É fácil perder o foco e controle das ações em saúde e suas repercussões aos cofres públicos. A falta de informação qualificada sobre os custos operacionais, impede que gestores tomem decisões conscientes e embasadas por dados, o que impacta diretamente sobre a disponibilidade de serviços à população.
O local onde há maior gasto municipal sem retorno direto ao paciente é o serviço de transporte e remoção. Esse deve ser objeto de análise direta e é importante analisar dados segmentados como:
- Manutenção e reparos com veículos da saúde (Ambulâncias, carros e vans)
- Gasto de Combustível
- Diária de Motorista e Auxiliar de Enfermagem.

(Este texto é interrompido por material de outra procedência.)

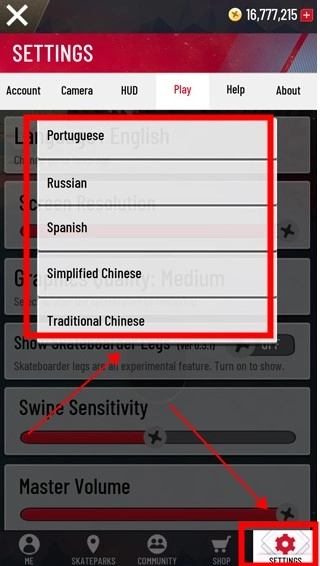 3. 找到下方的“设置”(settings),点击进入后选择“play”选项,接着点击“language”并向下滑动列表,找到“简体中文”选项来切换语言。

- Alimentação dos colaboradores.
A somatória desses dados vai trazer luz ao gestor sobre como a falta de serviços em saúde no próprio município impactam o orçamento público.
Deve-se fazer um outro levantamento analítico para planejar a tomada de decisão, quais serviços mais demandam remoção para outras cidades:
- Exames Laboratoriais e de Imagem
- Serviço Ambulatorial para especialidades (quais as mais frequentes?)
- Remoção para atendimento de Urgência por especialistas
É muito fácil se perder quando não existem dados disponíveis, e o município acaba por gastar mais dinheiro transportando o doente que gastaria caso fornecesse o serviço no próprio município.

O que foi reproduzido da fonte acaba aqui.